Dataset records
****************

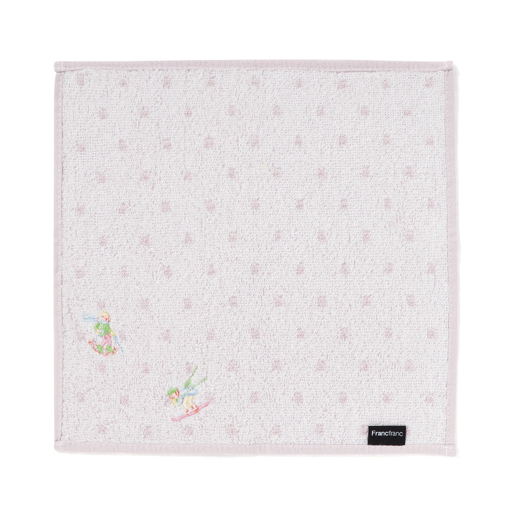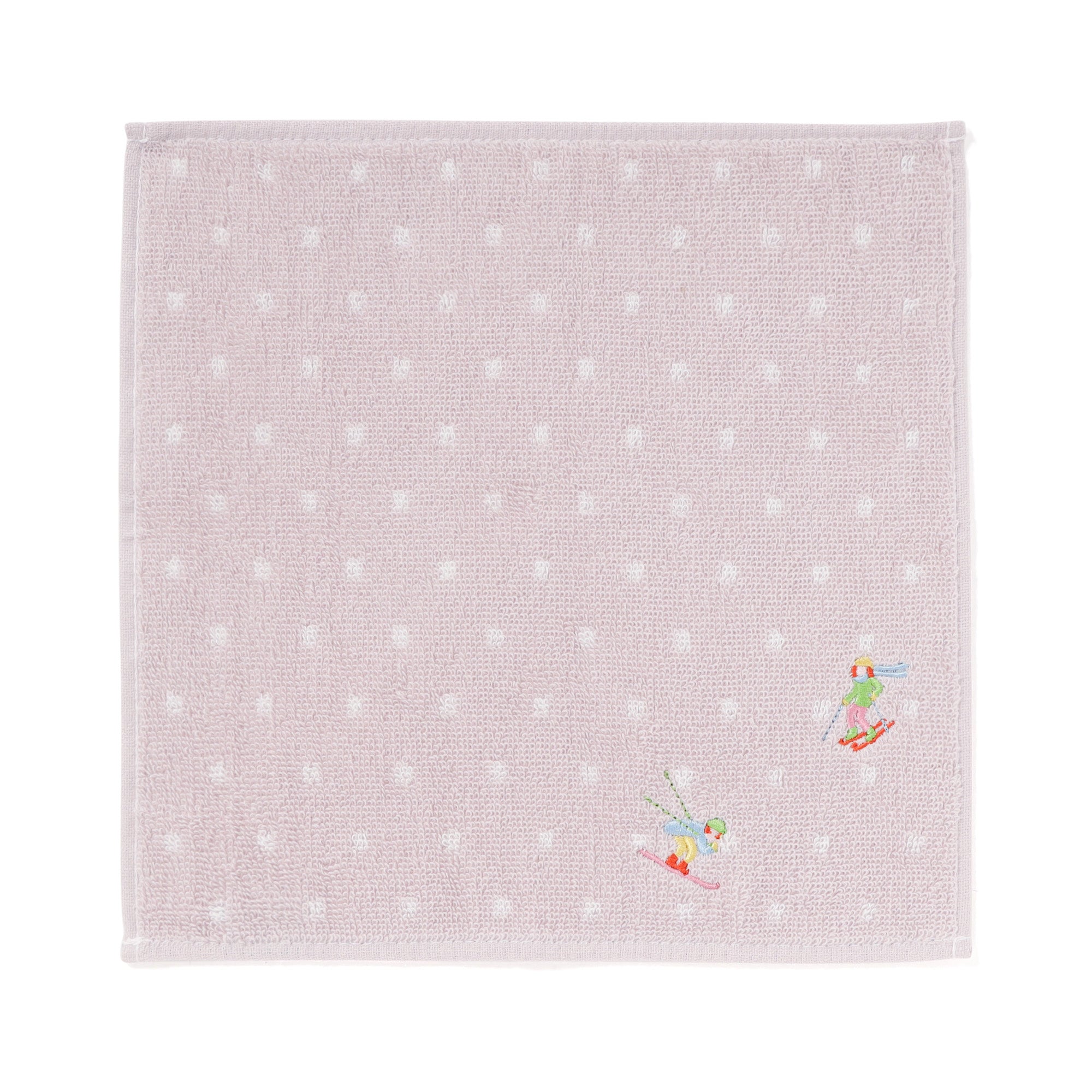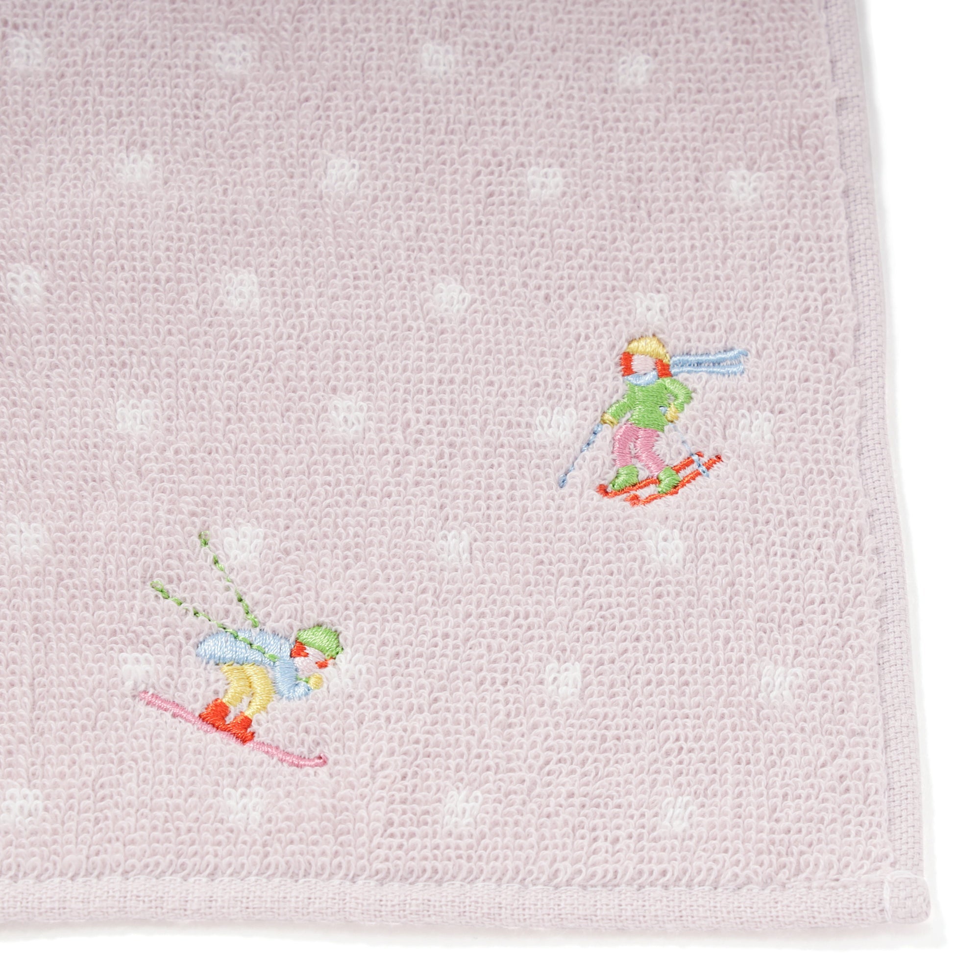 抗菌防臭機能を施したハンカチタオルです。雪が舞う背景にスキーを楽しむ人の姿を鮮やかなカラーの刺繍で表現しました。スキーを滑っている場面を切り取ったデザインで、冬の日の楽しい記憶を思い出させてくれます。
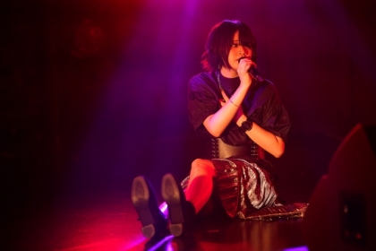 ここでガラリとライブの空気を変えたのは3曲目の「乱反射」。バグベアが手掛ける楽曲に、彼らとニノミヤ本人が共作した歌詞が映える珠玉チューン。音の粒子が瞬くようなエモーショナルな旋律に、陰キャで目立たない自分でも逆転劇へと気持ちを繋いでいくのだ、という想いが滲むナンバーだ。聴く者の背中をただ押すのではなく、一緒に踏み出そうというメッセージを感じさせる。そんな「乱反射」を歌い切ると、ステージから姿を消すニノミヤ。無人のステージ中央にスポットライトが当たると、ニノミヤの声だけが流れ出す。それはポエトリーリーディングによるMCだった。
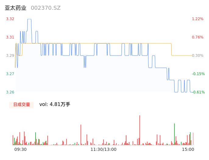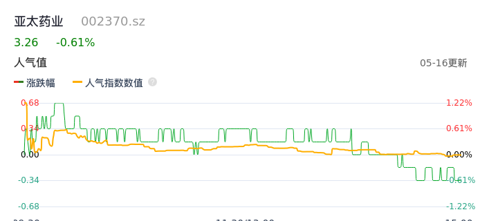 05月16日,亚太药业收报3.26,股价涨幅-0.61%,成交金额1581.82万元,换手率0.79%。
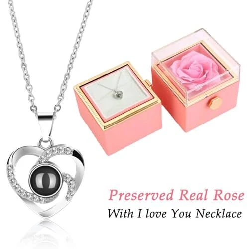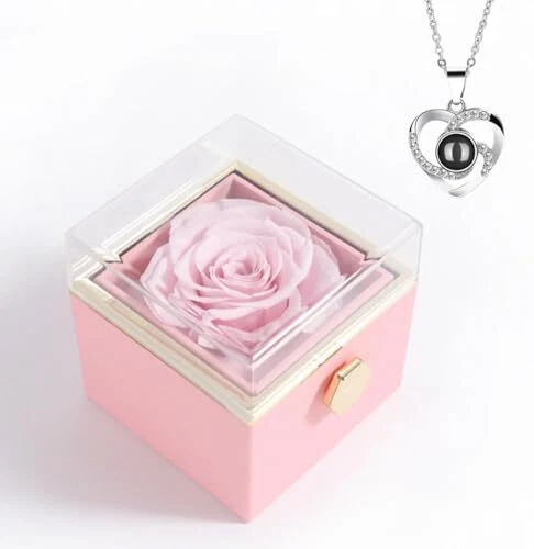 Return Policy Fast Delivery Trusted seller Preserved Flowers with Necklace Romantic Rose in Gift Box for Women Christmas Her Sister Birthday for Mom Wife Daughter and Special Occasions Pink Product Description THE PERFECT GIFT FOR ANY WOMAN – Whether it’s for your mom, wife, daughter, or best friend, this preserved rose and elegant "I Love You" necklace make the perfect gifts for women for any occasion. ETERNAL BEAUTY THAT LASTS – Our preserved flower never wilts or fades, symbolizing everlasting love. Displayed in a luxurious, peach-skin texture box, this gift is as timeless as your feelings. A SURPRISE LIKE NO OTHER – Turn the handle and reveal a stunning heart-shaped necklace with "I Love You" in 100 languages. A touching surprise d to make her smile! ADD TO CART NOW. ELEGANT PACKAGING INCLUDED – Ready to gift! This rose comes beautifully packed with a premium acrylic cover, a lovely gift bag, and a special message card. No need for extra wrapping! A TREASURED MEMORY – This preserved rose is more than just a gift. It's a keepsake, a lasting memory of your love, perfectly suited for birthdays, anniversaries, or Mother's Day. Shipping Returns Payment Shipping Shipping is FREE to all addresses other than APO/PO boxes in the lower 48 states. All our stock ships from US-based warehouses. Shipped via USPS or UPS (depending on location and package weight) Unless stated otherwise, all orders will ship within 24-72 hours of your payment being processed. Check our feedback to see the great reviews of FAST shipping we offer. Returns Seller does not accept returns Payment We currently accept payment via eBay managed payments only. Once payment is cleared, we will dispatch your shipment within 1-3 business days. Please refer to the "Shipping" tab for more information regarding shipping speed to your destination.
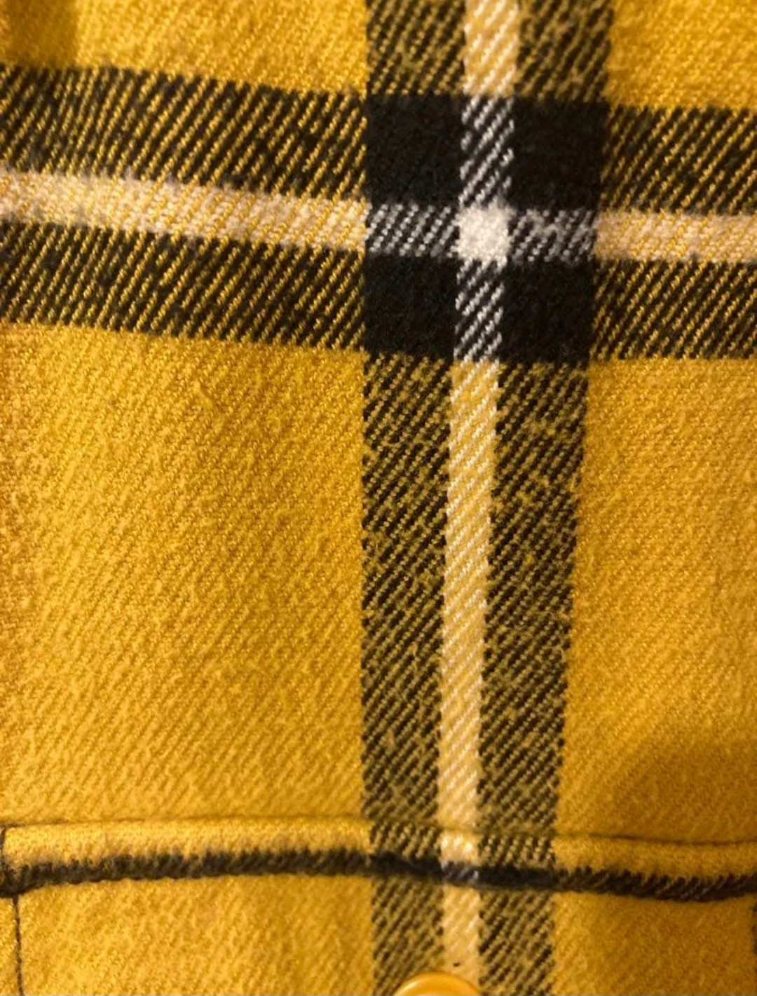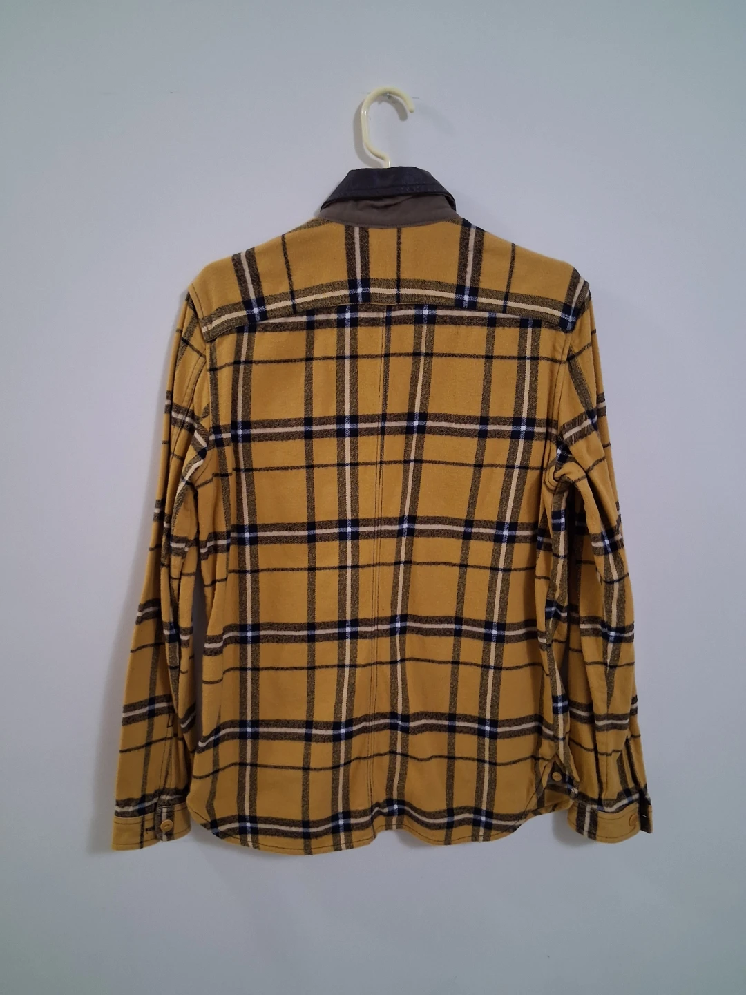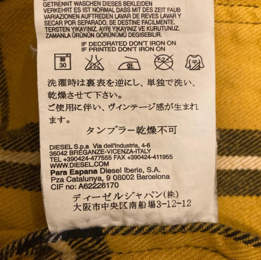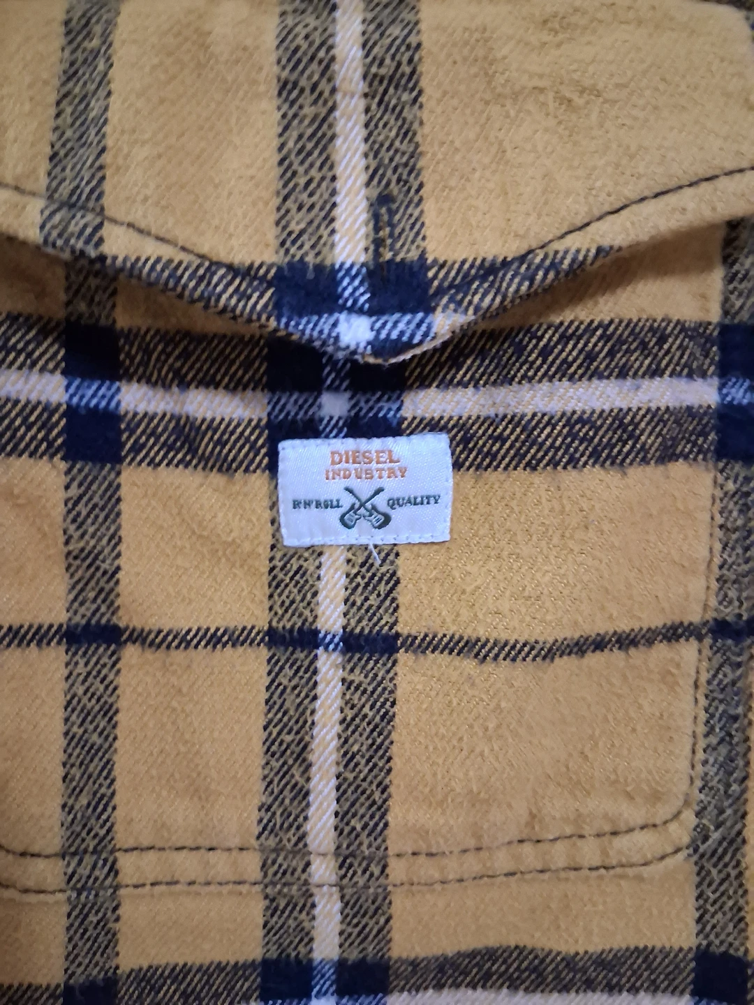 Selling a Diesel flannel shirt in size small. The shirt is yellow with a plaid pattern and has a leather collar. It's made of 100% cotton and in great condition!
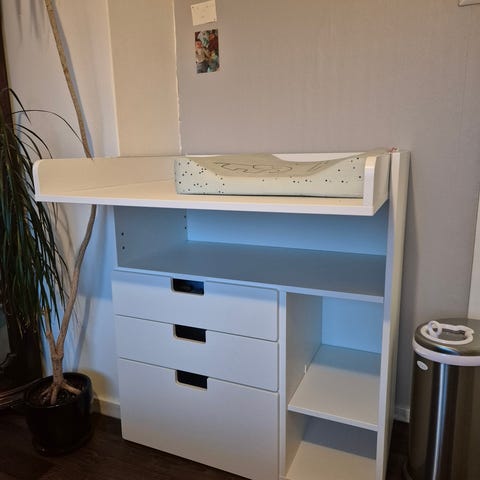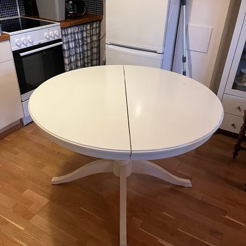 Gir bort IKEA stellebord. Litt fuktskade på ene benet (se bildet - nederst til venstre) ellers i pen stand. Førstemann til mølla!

****************

**About this exercise**: Without including any picture, retype the entries exactly.

**The completed task**:
 抗菌防臭機能を施したハンカチタオルです。雪が舞う背景にスキーを楽しむ人の姿を鮮やかなカラーの刺繍で表現しました。スキーを滑っている場面を切り取ったデザインで、冬の日の楽しい記憶を思い出させてくれます。
 ここでガラリとライブの空気を変えたのは3曲目の「乱反射」。バグベアが手掛ける楽曲に、彼らとニノミヤ本人が共作した歌詞が映える珠玉チューン。音の粒子が瞬くようなエモーショナルな旋律に、陰キャで目立たない自分でも逆転劇へと気持ちを繋いでいくのだ、という想いが滲むナンバーだ。聴く者の背中をただ押すのではなく、一緒に踏み出そうというメッセージを感じさせる。そんな「乱反射」を歌い切ると、ステージから姿を消すニノミヤ。無人のステージ中央にスポットライトが当たると、ニノミヤの声だけが流れ出す。それはポエトリーリーディングによるMCだった。
 05月16日,亚太药业收报3.26,股价涨幅-0.61%,成交金额1581.82万元,换手率0.79%。
 Return Policy Fast Delivery Trusted seller Preserved Flowers with Necklace Romantic Rose in Gift Box for Women Christmas Her Sister Birthday for Mom Wife Daughter and Special Occasions Pink Product Description THE PERFECT GIFT FOR ANY WOMAN – Whether it’s for your mom, wife, daughter, or best friend, this preserved rose and elegant "I Love You" necklace make the perfect gifts for women for any occasion. ETERNAL BEAUTY THAT LASTS – Our preserved flower never wilts or fades, symbolizing everlasting love. Displayed in a luxurious, peach-skin texture box, this gift is as timeless as your feelings. A SURPRISE LIKE NO OTHER – Turn the handle and reveal a stunning heart-shaped necklace with "I Love You" in 100 languages. A touching surprise d to make her smile! ADD TO CART NOW. ELEGANT PACKAGING INCLUDED – Ready to gift! This rose comes beautifully packed with a premium acrylic cover, a lovely gift bag, and a special message card. No need for extra wrapping! A TREASURED MEMORY – This preserved rose is more than just a gift. It's a keepsake, a lasting memory of your love, perfectly suited for birthdays, anniversaries, or Mother's Day. Shipping Returns Payment Shipping Shipping is FREE to all addresses other than APO/PO boxes in the lower 48 states. All our stock ships from US-based warehouses. Shipped via USPS or UPS (depending on location and package weight) Unless stated otherwise, all orders will ship within 24-72 hours of your payment being processed. Check our feedback to see the great reviews of FAST shipping we offer. Returns Seller does not accept returns Payment We currently accept payment via eBay managed payments only. Once payment is cleared, we will dispatch your shipment within 1-3 business days. Please refer to the "Shipping" tab for more information regarding shipping speed to your destination.
 Selling a Diesel flannel shirt in size small. The shirt is yellow with a plaid pattern and has a leather collar. It's made of 100% cotton and in great condition!
 Gir bort IKEA stellebord. Litt fuktskade på ene benet (se bildet - nederst til venstre) ellers i pen stand. Førstemann til mølla!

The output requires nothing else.